Identification Of Immune-related Genes
Correlation analysis was conducted between macrophages M2 cell infiltration and the expression of DEGs, and 42 immune-related genes were screened. T-test revealed that 27 genes, such as THY1, present significant differences in expression levels between two groups. These genes were significantly enriched in BP term associated with positive regulation of GTPase activity (ALDH1A1, APC2, DOCK2 and THY1). Additionally, other glycan degradation pathway was significantly enriched (Fig. 5).
TF-miRNA-mRNA Network Analysis
A total of 9 miRNA-mRNA pairs were predicted, which included 5 mRNAs and 9 miRNAs, such as miR-520a and miR-361-3p. In addition, 12 TF-mRNA pairs were obtained, involving 8 mRNAs and 11 TFs. Based on the miRNA-mRNA and TF-mRNA intraction pairs, a TF-miRNA-mRNA regulatory network was constructed (Fig. 6A). Function analysis showed that the TFs and mRNAs in the network were significantly enriched in lipid homeostasis, and cholesterol homeostasis associated BP terms (Fig. 6B). Moreover, they were involved in 8 pathways, such as transcriptional misregulation in cancer, PPAR signaling pathway, AMPK signaling pathway, and breast cancer (Fig. 6C).
PPI Network Analysis
A total of 60 PPI pairs were obtained from STRING database based on all DEGs. The PPI network was constructed, which contained 120 nodes (89 up-regulated genes corresponding proteins and 31 down-regulated genes corresponding proteins) (Fig. 7A). By mining the sub-network module from the PPI network, two sub-networks with score = 4 were obtained, both containing 4 nodes and 6 protein interaction relationships (Fig. 7B). Based on the immune-related genes, 46 PPI pairs were obtained and the constructed PPI network included 31 nodes (21 up-regulated and 10 down-regulated ones) (Fig. 7C).

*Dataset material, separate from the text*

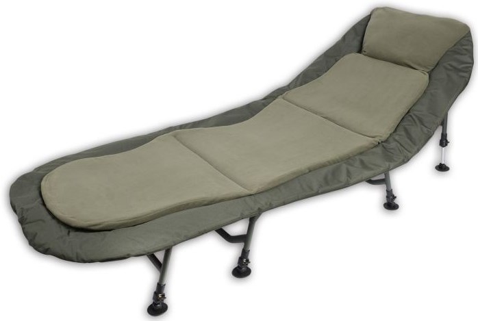 Velmi pohodlné, osminohé lehátko, které je plně polohovatelné a má lehkou a díky zvýšenému počtu podpěrných noh opravdu nadprůměrně stabilní konstrukci. Okraje prošívané matrace, která je celá v khaki zelené barvě, jsou vyrobeny z nylonu 600D. Vnitřní prostor je opatřen odnimatelnou matrací z vysoce hřejivého, na dotek velmi příjemného thermo materiálu - polar fleecu. Velmi praktické pro letní období! Podhlavníková část je prošívaná a tvoří ji pohodlný, polstrovaný polštář. Osm teleskopických noh je opatřeno širokými podložkami proti boření se do písku. Mají pevnou aretaci a nastavitelnost, umožňují zvednutí lehátka i vysoko nad zem, nebo umístění i do velmi nerovného a měkkého terénu.

Drug-gene Interaction Analysis
A total of 10 drug-gene interaction pairs were identified based on the immune-related genes, which involved 10 drugs (busulfan, retinol, tretinoin, zanamivir, deferoxamine, temazepam, diazepam, oxazepam, bromazepam and nitrazepam) and 5 mRNAs (PRSS1, ALDH1A1, NEU2, NEUROD1 and GABRQ) (Fig. 8).
Metastatic Recurrence Survival Analysis Of Key Genes
The Venn diagram of the intersection of DEGs in the three datasets and immune-related genes is shown in Fig. 9A. The genes verified by GSE43817 dataset were DOCK2, HCN4, HASPIN, STK33 and KYNU. The gene verified by GSE125989 dataset was THY1. The genes verified by the two datasets were ASPN and CD1B. These genes were considered as key genes and were performed metastatic recurrence survival analysis. Based on the analysis of the bc-GenExMiner v4.4 database, CD1B and THY1 were found to affect the metastatic recurrence of triple-negative breast cancer. As shown in Fig. 9B, high expression of THY1 was more likely to cause metastasis of breast cancer, while low expression of CD1B was likely to cause metastasis of breast cancer.
Literature retrieval of key genes
Among the key genes, ASPN, DOCK2, THY1 and KYNU were found to be associated with breast cancer based on NCBI Entrez database. Based on the GenCLiP 2.0 database, only THY1 was associated with breast cancer.